Optimal transport for assignment modeling: Prototype-to-pixel assignment is formulated as an OT problem, enabling globally optimal allocation.

Limitations & Future Work¶

The quality of CAM-generated generic object masks is inconsistent and may occasionally miss important targets.
Optimal transport solving increases computational overhead, requiring a trade-off in Sinkhorn iteration count.
Evaluation is limited to PASCAL-5^i and COCO-20^i; performance in other domains (e.g., medical imaging, remote sensing) remains untested.
When the query image contains only a single object, the advantages of object-level correlation may be less pronounced than in multi-object scenarios.
Comparisons with methods based on large-scale pretrained models (e.g., SAM) are not included.
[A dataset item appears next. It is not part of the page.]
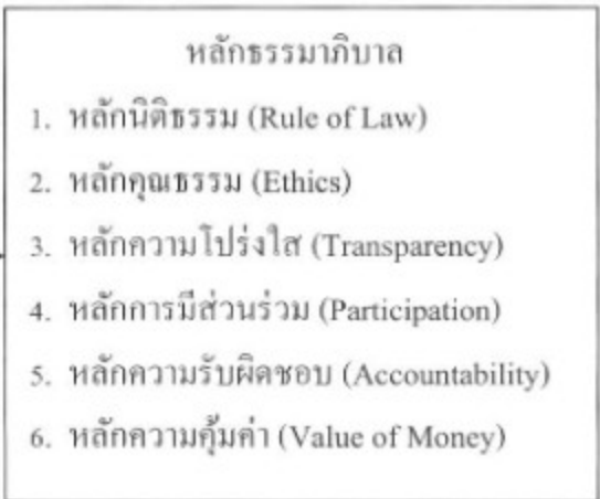
ภาพกรอบแนวคิดในการวิจัย

The concept of object-level correlation can be extended to support-query matching in other dense prediction tasks.
The two-stage strategy of "segment generic objects first, then identify the target" may be particularly valuable in open-world settings.
Modeling prototype assignment via OT is a direction worthy of further exploration.

Rating¶

Novelty: ⭐⭐⭐⭐ The shift from image-level to object-level correlation is creative, and the biological vision motivation is well-grounded.
Experimental Thoroughness: ⭐⭐⭐⭐ Dual datasets, dual backbones, comprehensive ablations, and clear qualitative analysis.
Writing Quality: ⭐⭐⭐⭐ Motivation is clearly articulated, the method is described in detail, and the figures are informative.
Value: ⭐⭐⭐⭐ Offers a new perspective for FSS, though the performance gains are moderate (~1–2% mIoU).